While I do think it was an OK choice to have Haldir and an army come from Lorien to Helm's Deep in the movies, therefore strengthening the role of the elves and their relationship with humans, a major theme in the books is that the age of the elves has ended, and they're essentially handing over stewardship of Middle Earth to men. A standing army the likes of the one in the Two Towers movie probably didn't exist in Lorien at that time in the books (given that Lorien had to defend itself against orc raids as well). Mirkwood may have had such an army, since they did show up at the Battle of Five Armies in full force, but Mirkwood seems a) somewhat more isolationist even than other elven nations, and b) too far away to have contributed armies in time.

Anyways, if you're in for some heavy reading, The Silmarillion is full of elves in action, and IMO very interesting.


I didn't like Gimli being the "funny little guy". A dwarf should be so much more serious.
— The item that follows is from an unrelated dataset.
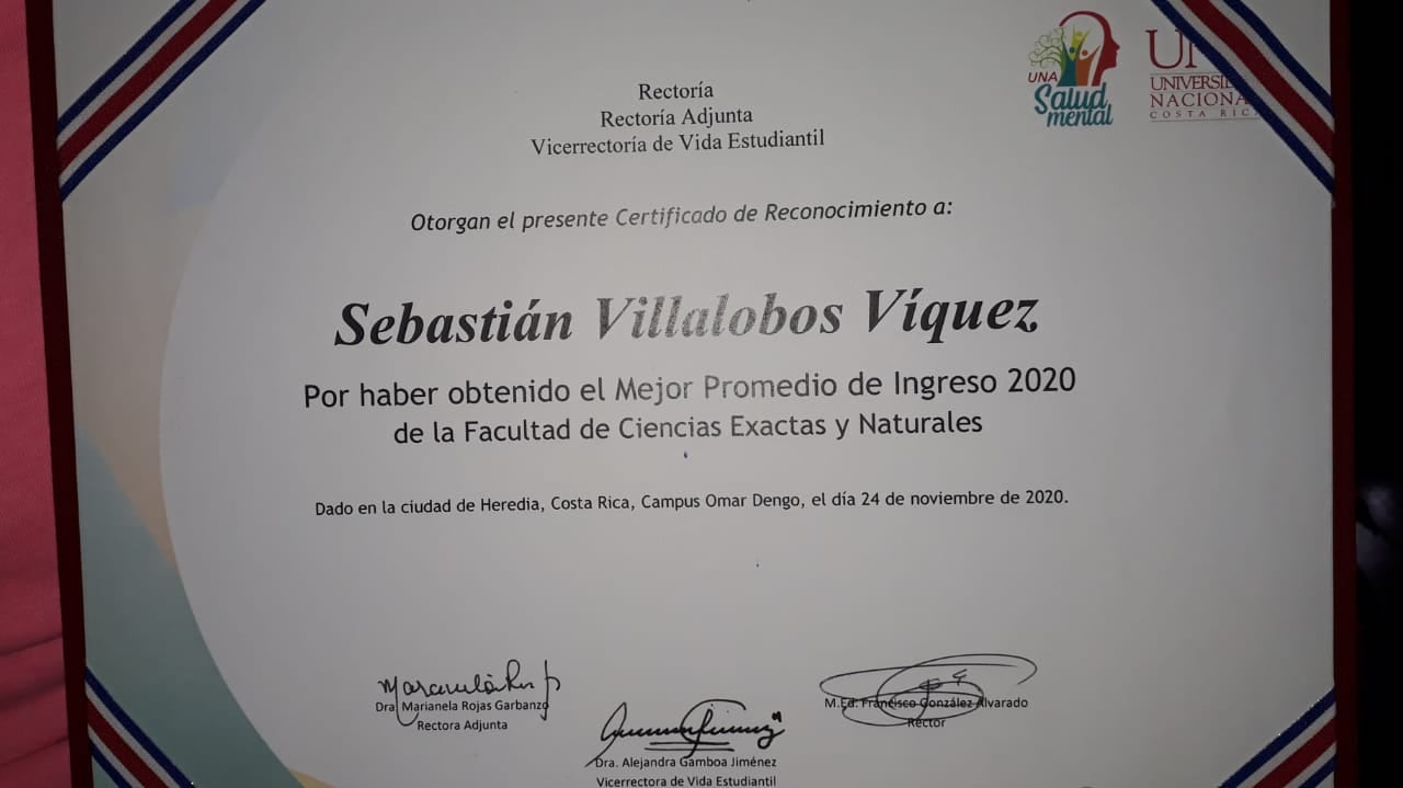 El título que recibió Sebastián Villalobos Víquez en el 2020 lo dice todo: este herediano fue el mejor promedio de ingreso a la Facultad de Ciencias Exactas y Naturales, de la Universidad Nacional (UNA), ese año.

Nonetheless, the same happened in "Dungeons and Dragons".
But we may look forward to "The Little Hobbit" in 2011/2012. There should be many dwarves in these films, and the mighty dragon Smaug, too. I don't think the dwarves appearing in "The Little Hobbit" will make people laugh... As far as I know, Peter Jackson will produce these films, with Guillaume del Toro as regisseur (some kind of XO?!). I saw some spots from "Pan's Labyrinth". Del Toro has good - and dark - style in telling a story.
I think Guillermo Del Toro is directing, which will probably be good - I like his other stuff and if you can say anything, it's that he's relatively faithfull to his source material. He also has a flair for creating monsters, so his input in conjunction with WETA's excellent work in the LotR trilogy should be promising.

Good point too, that The Hobbit will definitely give us plenty of dwarf action, and a full-size elven army too.

canucklhead
24-01-2010, 17:07
Del Toro does some stunning work, and has his characters with senses of humour, rather than comic relief. That has always been a sign of poor producer/ director ability, and is rampant in Star Wars, (to give an example).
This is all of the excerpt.